Greenwash is a superficial display of environmental concern to cover policies or actions. Former Vice President Al Gore recently told us about corporations with goals for reducing climate change backed by little action or evidence. “There remains a yawning gap between long-term climate goals and near-term action plans.” He urged vigilance in the public.

We can see greenwash here in Bainbridge Island politics. One example is the claim that preventing more housing density and development will benefit the environment. Preventing more development would have lots of benefits for those who own houses on the island now. It would increase property values, limit local traffic and protect some trees. These can all sound nice to an island homeowner. But claiming real environmental benefits is bogus. Limiting growth on the island drives it to the rest of Kitsap County and other exurbs, farther away from the biggest city in the state.

Sprawl damages the land, reduces the efficiency of public transit and increases gas emissions. Aside from its environmental damage, preventing growth on the island would reduce housing affordability and stand in the way of diversity.

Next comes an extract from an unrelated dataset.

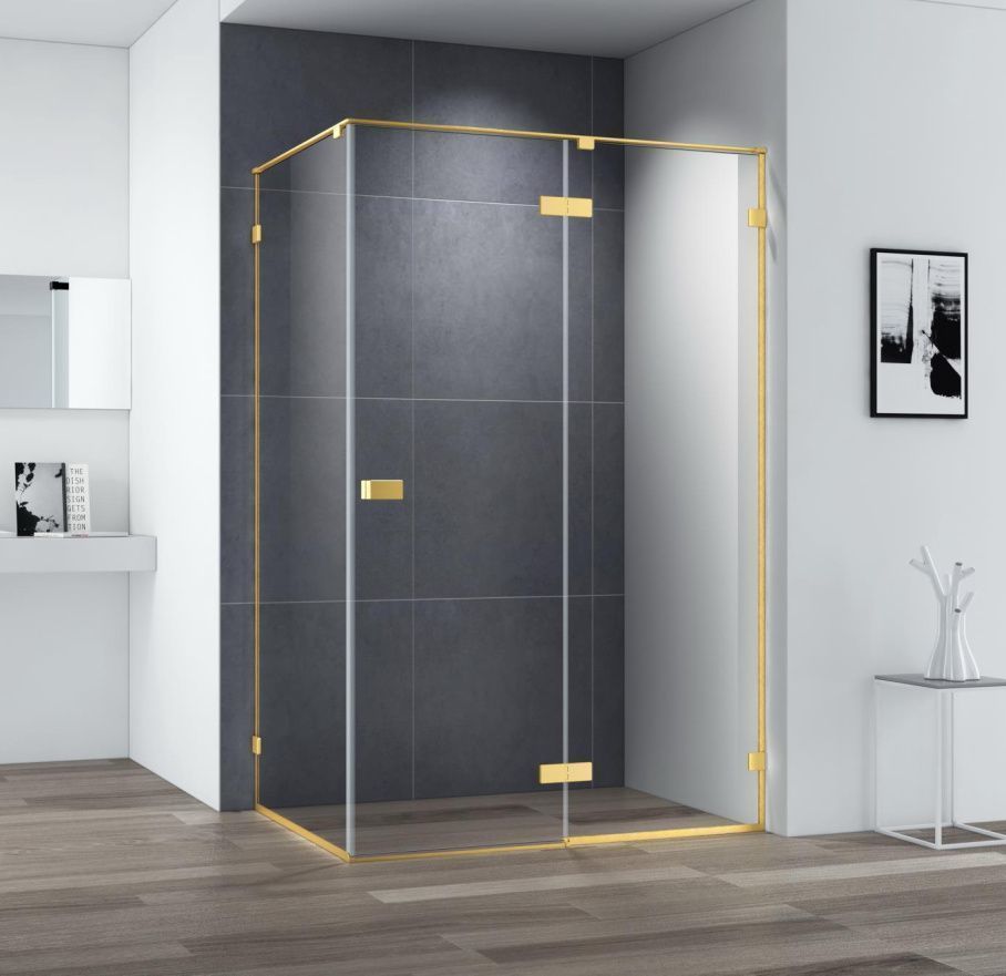 Душевое ограждение Cezares Bellagio AH-1 1200x900х1970 мм, профиль - брашированное золото, стекло - прозрачное 8 мм, поддон приобретается отдельно.
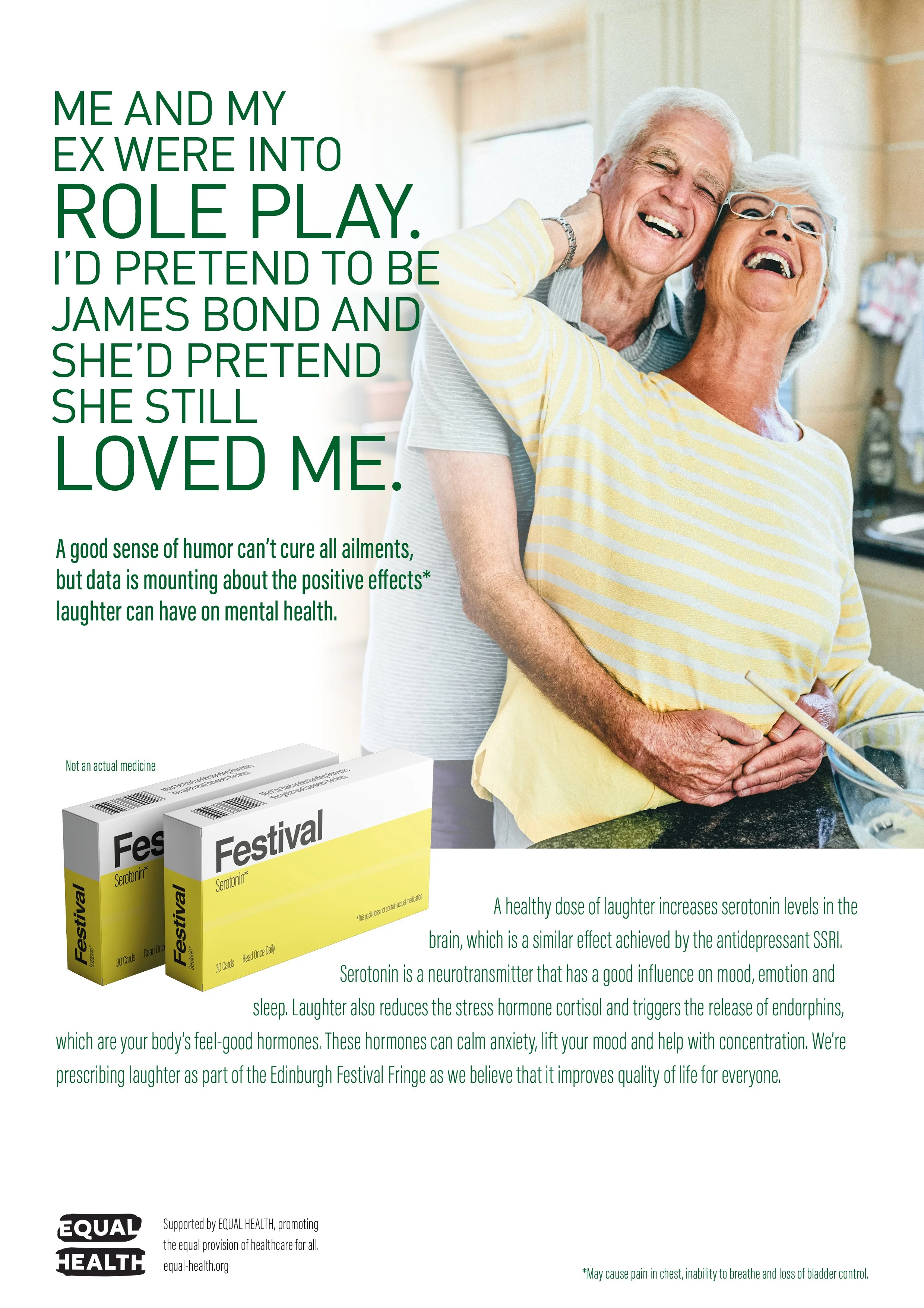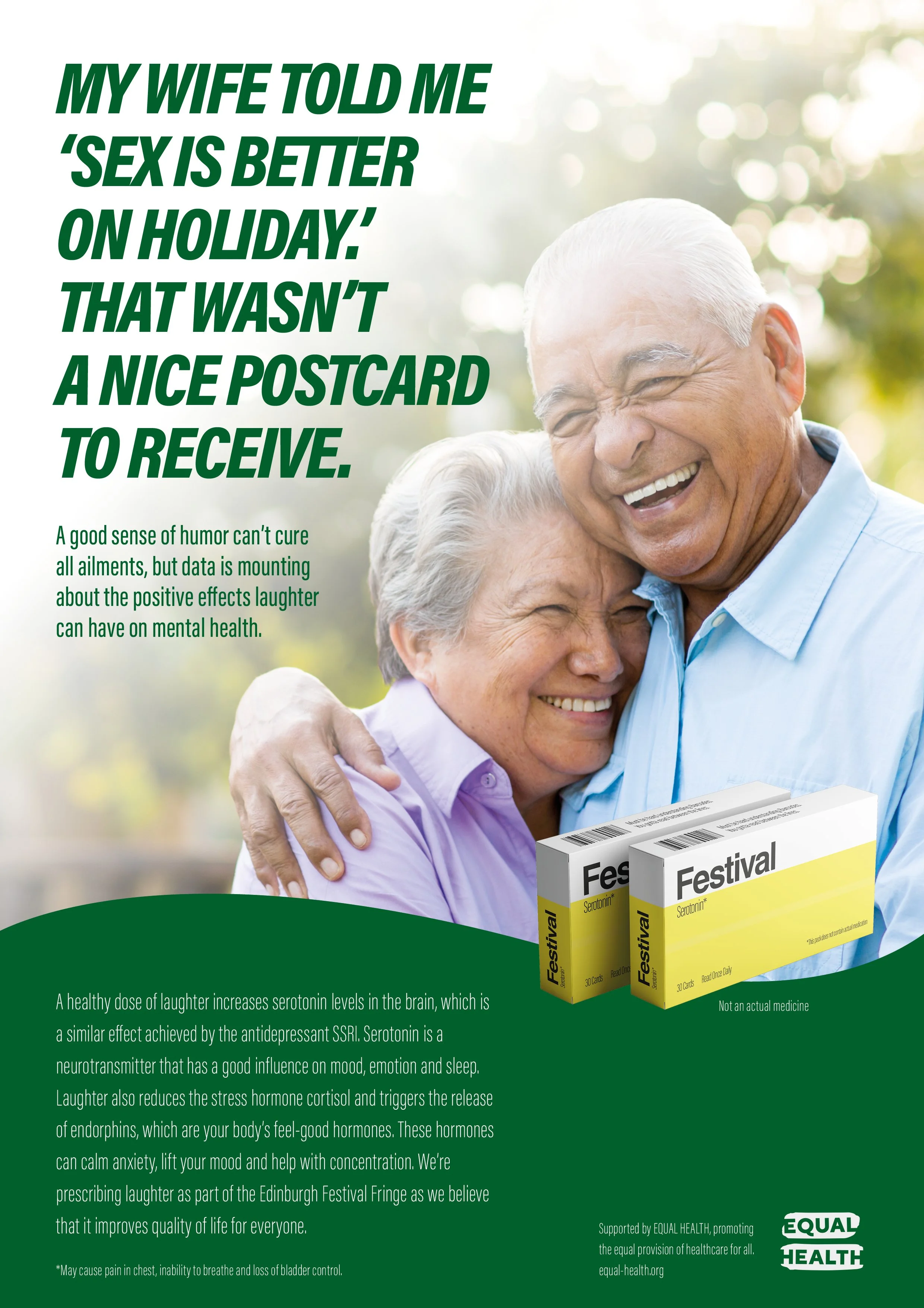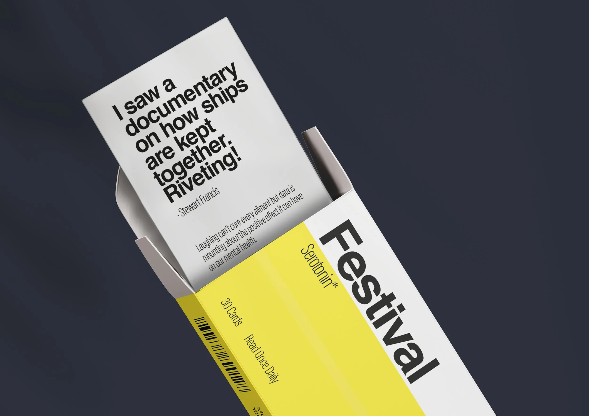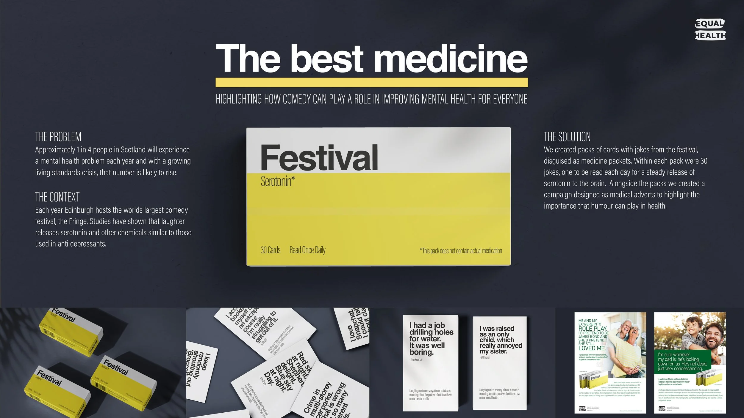 We created packs of cards with jokes from the festival, disguised as medicine packets. Within each pack were 30 jokes, one to be read each day for a steady release of serotonin to the brain. Alongside the packs we created a campaign designed as medical adverts to highlight the importance that humour can play in health.

That is a possible future. The city is hitting us with greenwash now in its transportation planning. The Sustainable Transportation Planning project ignores the basic road safety improvements for walkers and bikers in the city’s comprehensive plan, which meets state law, and justifies this with climate change as the top priority. The planners think road safety isn’t enough and want to make non-moto routes that are comfortable for everybody. They say this would dramatically replace auto travel with cycling and thus reduce gas emissions.

If such routes were feasible in number any time soon, sure. They’re not. After three years of planning, going on four, there are no specific proposals. For some, the wide and expensive Sound to Olympics trail is the minimum standard. The half mile we have so far has seen little use. Imagine 50 new miles of this across parks and private land throughout the island.

Outside the Sustainable Transportation planning, the shoulder improvements on Eagle Harbor Drive are a step in the right direction. They are in a road section that is dangerous and essential to cycling commuters. They are a small step, and delayed, and slow to complete, and won’t be followed by similar work for at least three years. Sustainable Transportation instead promises significant cycling improvements in 25 years, when autos will be mostly electric.

The saddest thing is that ignoring the city’s road safety plan in the last four years has largely prevented improvements that would have increased non-moto travel and reduced gas emissions now. These improvements also would have increased safety for walkers and bikers, a city obligation according to the comp plan. As elsewhere, greenwash is covering poor action and does nothing to improve the climate.

A lesson is, when a councilmember says climate change is their top priority, ask yourself whether this talk is backed by action, and whether they are doing the concrete public safety job for which they are elected. Vote accordingly.

Peter K. Harris has a doctorate from Yale in social science and has had a long career as a planner and policy analyst for the city of Seattle.